What you need to do: Write out exactly, excluding pictures, the lines from the one containing "The classic trucker" through the end of the data, both included.

*** Dataset section ***

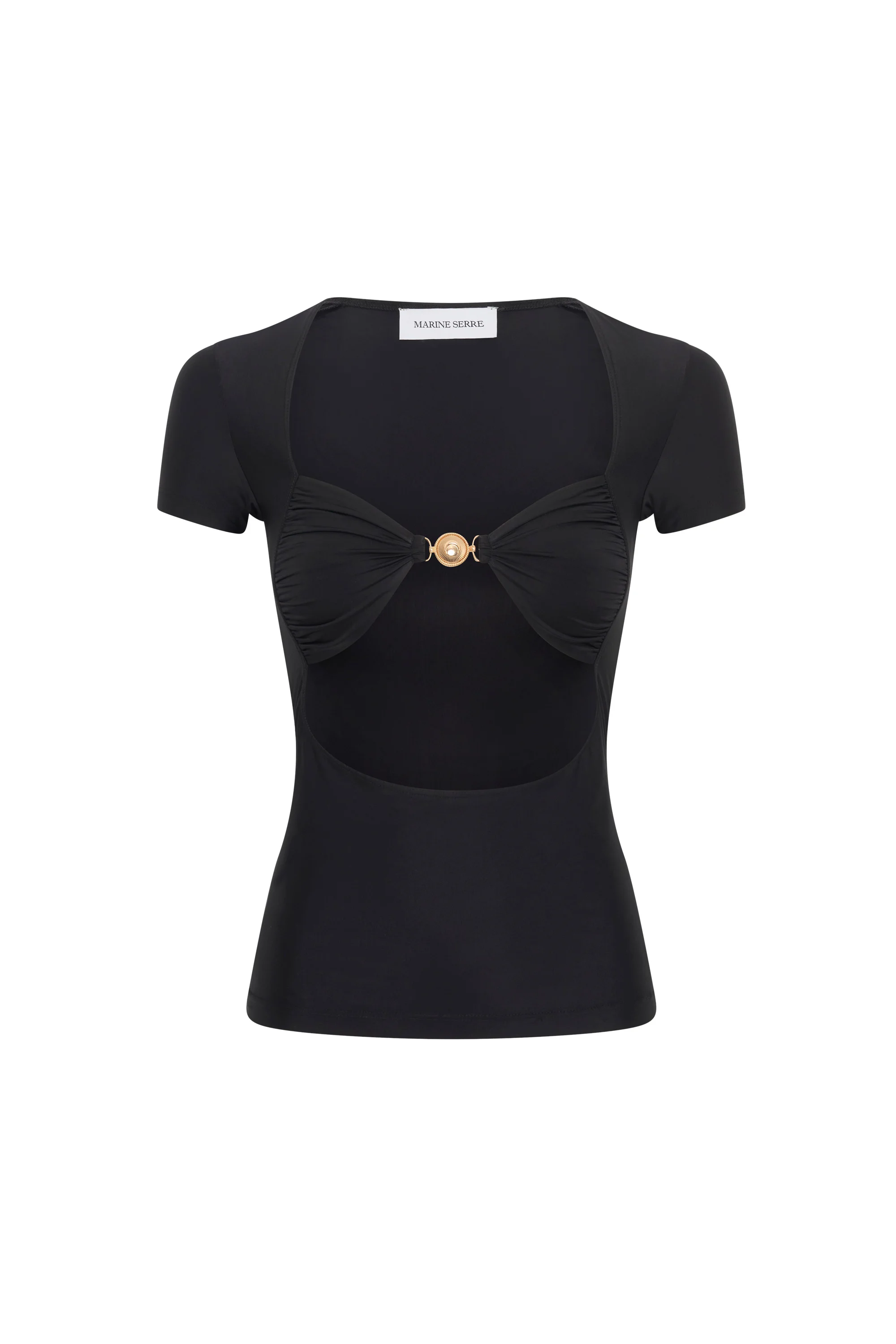 - Self fabric bralette with Moon jewelry clip closure - Turned hem Materials Draped Jersey In many ways, elevating conventional fabrics such as activewear jersey through precise couture techniques has served as the blueprint for Marine Serre’s transgressive vision of womenswear at large. This unabashedly glamorous, all-female range reimagines traditional sportswear styles through draping, pleating and a trompe l’oeil play on transparency. Garments emphasize the bust and hips, with a prominent use of cut-outs, complimented by our seductive Moonogram Mesh Jersey (made from GRS-certified recycled fibres). All are designed with full ease of movement in mind — even traditional evening silhouettes. To this end the draped jersey is smooth and soft, with a natural sheen. 65% Polyamide, 35% Elastane
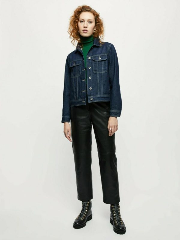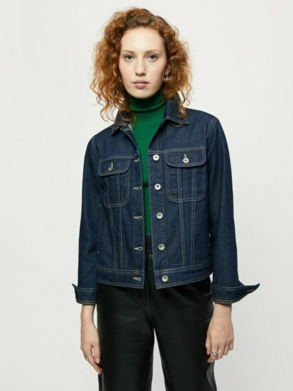 The classic trucker jacket. Sustainable fixed denim in an authentic vintage stonewash blue. Slim fit with side pockets and copper trim. Get the look and wear over our printed tea dress or double up with our jeans. Fit and Features
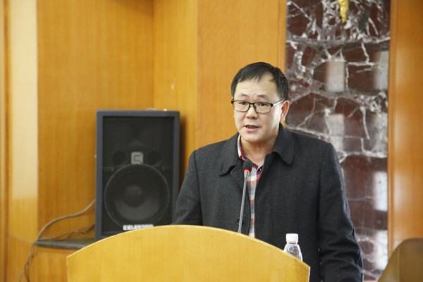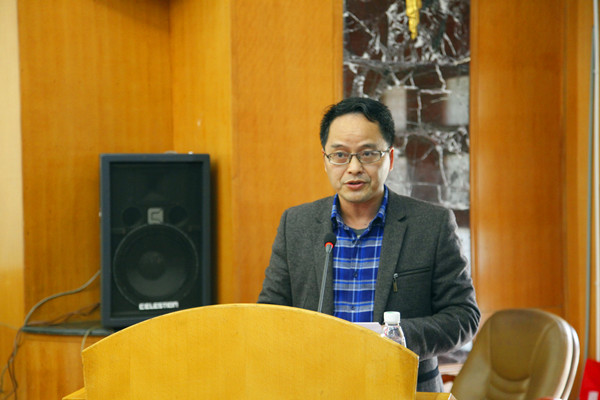 图为数统学院副院长莫宏敏介绍文化节情况 许乐清摄

***

Solution for this problem:
 The classic trucker jacket. Sustainable fixed denim in an authentic vintage stonewash blue. Slim fit with side pockets and copper trim. Get the look and wear over our printed tea dress or double up with our jeans. Fit and Features
 图为数统学院副院长莫宏敏介绍文化节情况 许乐清摄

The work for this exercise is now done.